Unfinished thoughts about using multiple tools to work on the same data.

One of the current difficulties with genealogical software is its plurality. There are many tools available for assisting in locating and recording ancestors, each with distinct features and interfaces. This in itself is a good thing: it means you can find a tool that suits your workflow or use multiple tools that support distinct elements of your process. But it is also a real problem.

The problem comes when you try to get data to move between tools. The basic model here is simple: one tool exports your current genealogy, the other tool imports it. And the problem isn’t in lack of a good format for these exports: GEDCOM, though it seems almost universally disliked, is a de facto standard format and most, if not all, tools can handle it. The problem derives instead from certain types of data.

Classes of problem data

The first kind of problem data I’ll call private. Sometimes there’ll be a datum that a tool shouldn’t include in an export. Private data might exist because the tool aggressively enforces its intellectual property over the datum or because the user wants to hide certain facts to guard against identity theft, invasion of privacy, or blackmail.

The second kind of problem data I’ll call custom. One tool might support recording “‍friend of‍” relationships where another only handles familial ties. A custom datum can be exported, but importing it is more problematic. The introduction of custom data is a natural part of innovation in tool design.

The third kind of problem data I’ll call non-normative. The same non-normative datum might be exported by distinct tools in distinct formats. Non-normative data might arise when two different tools independently introduce the same or similar custom functionality.

Sharing with problem data

Consider two tools, A and B. Let x_p refer to a private datum created by tool X, x_c refer to a custom datum created by tool X, and x_n refer to a non-normative datum created by tool X. Ideally, we’d like to be able to export record (a, a_p, a_c, a_n) to tool B and back to tool A and recognize what was changed and what was not without losing anything. There are several considerations in this ideal.

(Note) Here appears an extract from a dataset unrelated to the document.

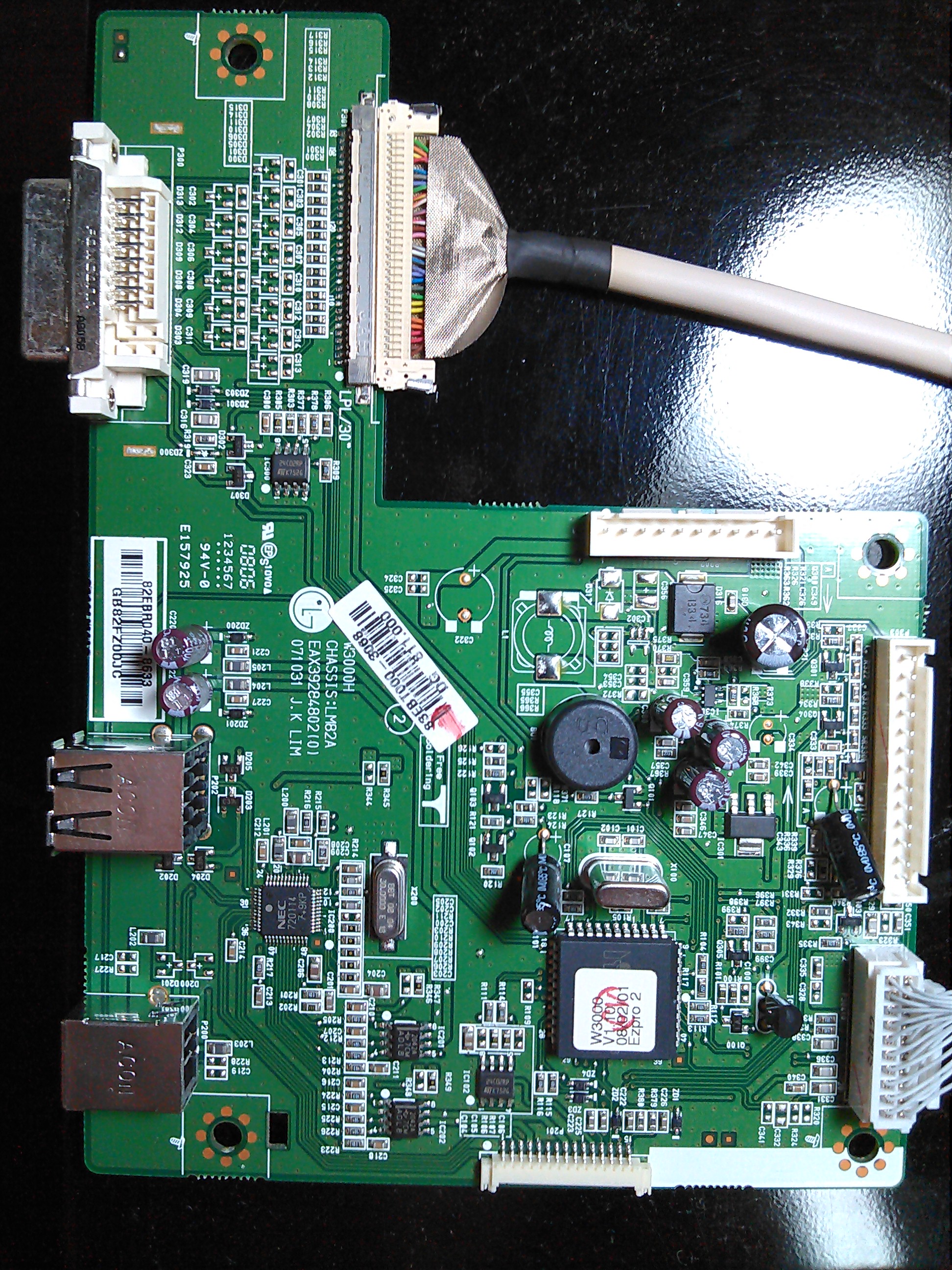 Hi! My LG W3000h-bn switched to standby while working, and has been stuck in standby mode since, even after hard restarts. I've confirmed the computer, cables and mains are fine. The power button works but goes straight to amber standby light, the display never comes on.

Transferring Private Data: A exports to tool B, dropping a_p. Data is edited in B and then exported back to tool A. How do we know if the re-imported data should have a_p added back in or not (i.e., how do we tell an edit from a new record)?
Merging Non-Normative Data: If a_n has changed, what (if anything) should B do about b_n? Can tools even tell the difference between custom and non-normative data?
Merging with Custom Data: If a record has changed only in a_c, should B consider the record to have changed at all? Should A → B → A preserve a_c, drop a_c, or should both behaviors be permitted? Can we merge records that are sub- or super-sets of one another?

With these issues there are several possible data transfer models.

Share What is Kept

Each tool only exports data it understands, ignoring other data on import; but it also exports a list of what data it understands.

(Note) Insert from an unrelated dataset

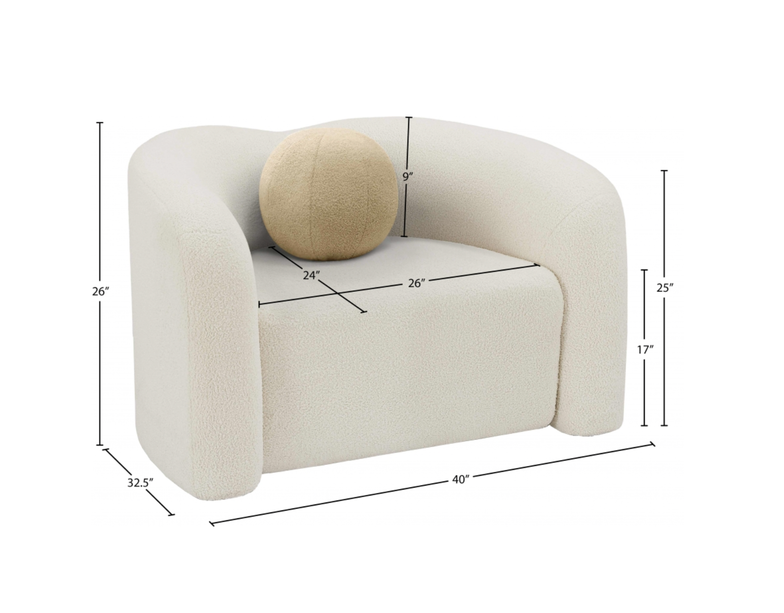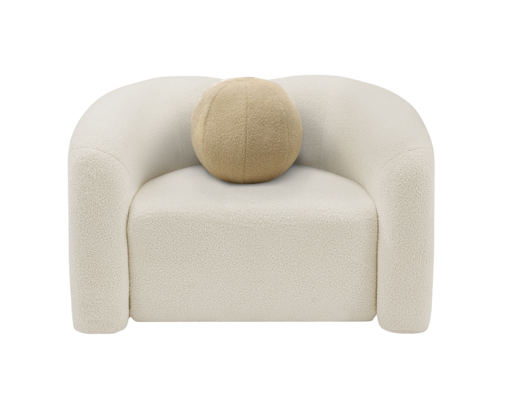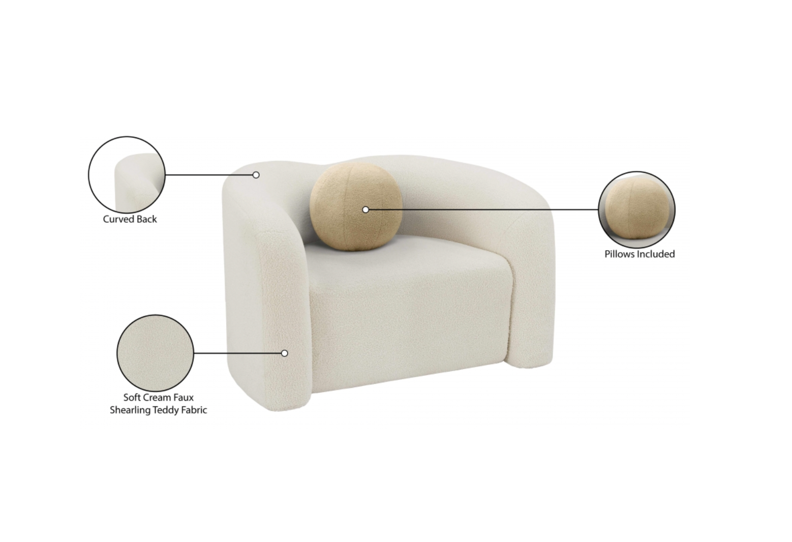 Sink into cozy comfort with the Aria Chair. Wrapped in ultra-soft cream teddy fabric, this accent chair features a curved back, plush pillows, and a sturdy eucalyptus wood frame — offering modern style and softness for any room in your home.

Let A* be the set that A understands, B* the set that B understands, a be an existing record in A and b be a record exported from tool B. A considers b to be a name for a if b ∩ A* = a ∩ B*.

Keep but Ignore

The XML model: if you don’t understand a tag, keep it around but otherwise ignore it.

Share Edit Logs

Instead of sharing data itself, share a replayable list of edits. Ignore edits that are not supported by this tool, but keep them around for the next export.

Accumulate ID Sets

Require a persistent write-once data model. Keep, with datum, a set of all (tool, datum number) pairs and export these sets with the serialization of the data. On import, re-use data already in the tool and create new data for those not already present.

Globally-Unique IDs

Require each datum be given a globally-unique ID. Data files store the ID and the original serialization created by the originating tool. If a datum is edited, it is given a new ID and serialized afresh with a list of IDs it is a newer version of.

None of these inherently solves the sharing problem. This is more a list of things I’m thinking about than it is a proposed solution.